# WHAT TO DO
Restate word for word the lines from the one bearing "koncertu w Gorzycach" through the end of the entries below, and leave every picture out.

Stored items from a collection
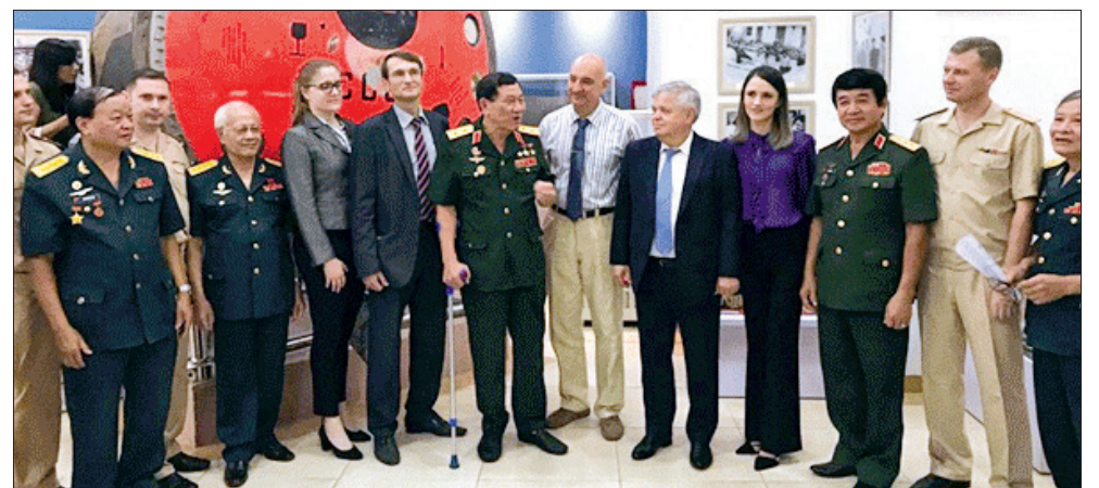
Anh hùng phi công Phạm Tuân (người mặc quân phục đứng giữa) cùng các bạn Nga và Việt Nam tại cuộc gặp gỡ nhân kỷ niệm 40 năm chuyến bay vào vũ trụ.
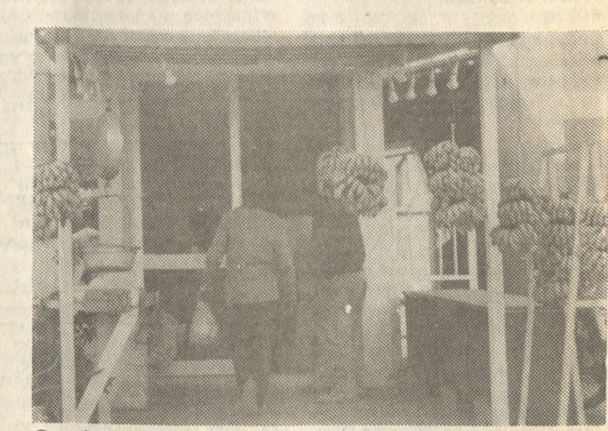
Θα πάρουν μέτρα προστασίας των μπιανανοπαγωγών ρωτά ο κ. Δρεττάκης.

ΑΝΑΚΟΙΝΩΣΗ Από Δευτέρα 15 Μαρτίου Ξεκινάμε νέο γκρουπ ΑΕΡΟΒΙΚ ειδικά για ΑΔΥΝΑΤΙΣΜΑ, με ειδικευμένο άτομο στο συγκεκριμένο είδος προγράμματος. ΩΡΕΣ ΛΕΙΤΟΥΡΓΙΑΣ ΤΟΥ ΓΥΜΝΑΣΤΗΡΙΟΥ ΔΕΥΤΕΡΑ έως ΠΑΡΑΣΚΕΥΗ 9 π.μ. έως 9 π.μ. ΣΑΒΒΑΤΟ 9 π.μ. έως 4 π.μ. Οδός Μεραμβέλλου 12 (Όπισθεν Λυκείου «ΚΟΡΑΗ») Πληροφορίες - εγγραφές εντός.
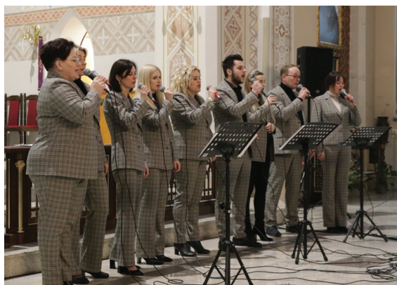
„Vocalsi” podczas kwietniowego koncertu w Gorzycach
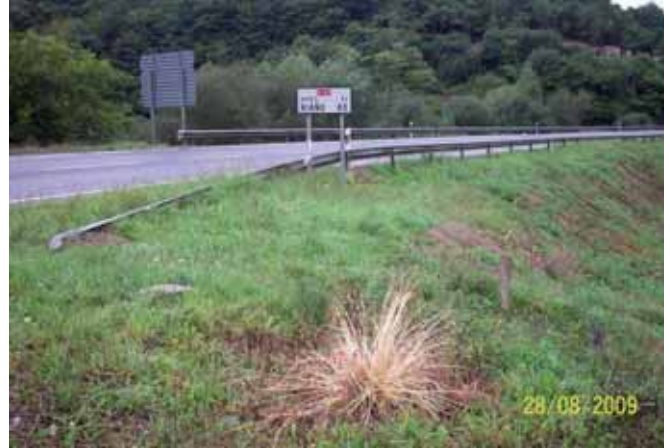
Foto 69: un mes después de el tratamiento el Plumero de la Pampa estaba totalmente muerto.
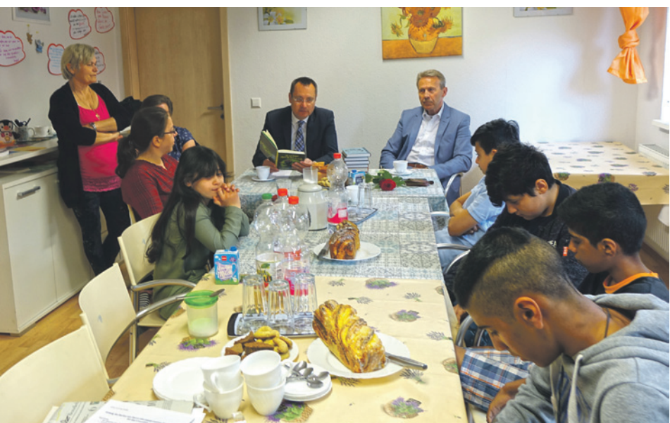
Oberbürgermeister Thilo Rentschler las den Kindern und Jugendlichen vor.
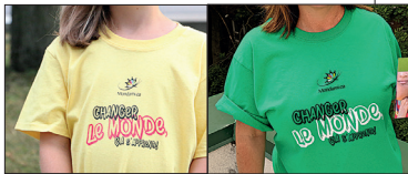
CHANDAIL ENFANT CHANDAIL ADULTE
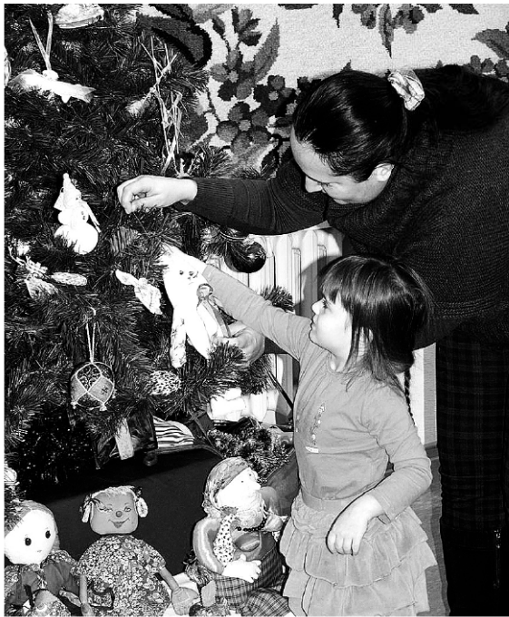
Дети от старых советских игрушек в восторге - сейчас таких нет.

После выхода в 1936 г. фильма «Цирк» с Любовью Орловой в моду вошли игрушки, изображающие

# TASK OUTPUT
„Vocalsi” podczas kwietniowego koncertu w Gorzycach
Foto 69: un mes después de el tratamiento el Plumero de la Pampa estaba totalmente muerto.
Oberbürgermeister Thilo Rentschler las den Kindern und Jugendlichen vor.
CHANDAIL ENFANT CHANDAIL ADULTE
Дети от старых советских игрушек в восторге - сейчас таких нет.

После выхода в 1936 г. фильма «Цирк» с Любовью Орловой в моду вошли игрушки, изображающие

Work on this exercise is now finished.